S3, first place name reduction: the reduction is based on each individual noun phrase in the sequence of noun phrases.

And carrying out place name recognition on the noun phrase sequences of the title input and the text input, and eliminating place names which are recognized later in each noun phrase and have no upper-lower level relation.

In the place name reduction, firstly, place name recognition is carried out on the noun phrase sequence of the title input and the text input, and place names which are recognized in each noun phrase and have no upper-lower level relation are reduced. For example, the noun phrase "south part of Longyan" has place name recognition results of "city of Longyan" and "south county". Since "southern county" and "Longyan City" have no top-bottom attribution relationship, the recognition result of "southern county" is removed in the reduction of the place name.

S4, the second place name reduction: and on the basis of the first place name reduction, carrying out secondary word segmentation on the recognition result of the place name recognition and the corresponding noun phrase sequence, and reducing. And if each word after the division of the place name recognition result continuously exists in the division result of the corresponding noun phrase sequence, the recognition is considered to be accurate, otherwise, the recognition result is removed.

For example, the place name recognition result ' Gongnong ' in the Crane market ' corresponds to word segmentation results of ' Gongnong ' and ' Gongnong '; the noun phrase corresponding to the place name recognition result is the total value of industrial and agricultural production in the city of the Crane, and the word segmentation result is the total value of industrial and agricultural production in the city of the Crane.

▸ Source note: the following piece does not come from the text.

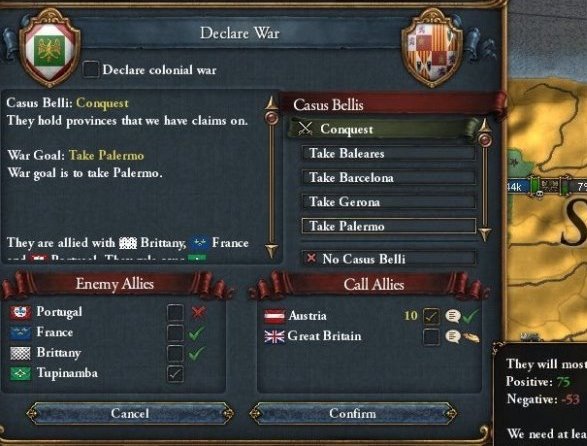 敵の同盟はポルトガル。こちらはオーストリアが参戦してくれます。

The word segmentation result of the place name recognition result is not continuous and equal to the word segmentation result of the noun word group sequence, and the place name recognition result of the time can be eliminated.

In practice, the situation that a certain reduction is excessive exists in the second reduction process, so that the results of the first and second reduction of the place names are added into a weight set, administrative divisions at province, city and district and county levels in the weight set have fewer duplication conditions, and the corresponding administrative division weight is increased by one every time the results of the two reductions appear; every time the administrative divisions of the village, town and village level appear, the weight is increased by 0.6. And finally outputting all administrative divisions with the maximum weight in the weight set.

The invention relates to a system for identifying a place name based on internet news labeled by parts of speech, which comprises the following modules:

the media column comprises a general report region determining module used for determining the place names of which the occurrence times occupy absolute proportion in the place names pointed by all reports under the column of the news media.

The overall reporting region determining module of the media column supplements the contextual information of news for the place name disambiguation, and connects the overall reporting region of the media column with a space respectively to a news title and a news text to obtain a title input and a text input.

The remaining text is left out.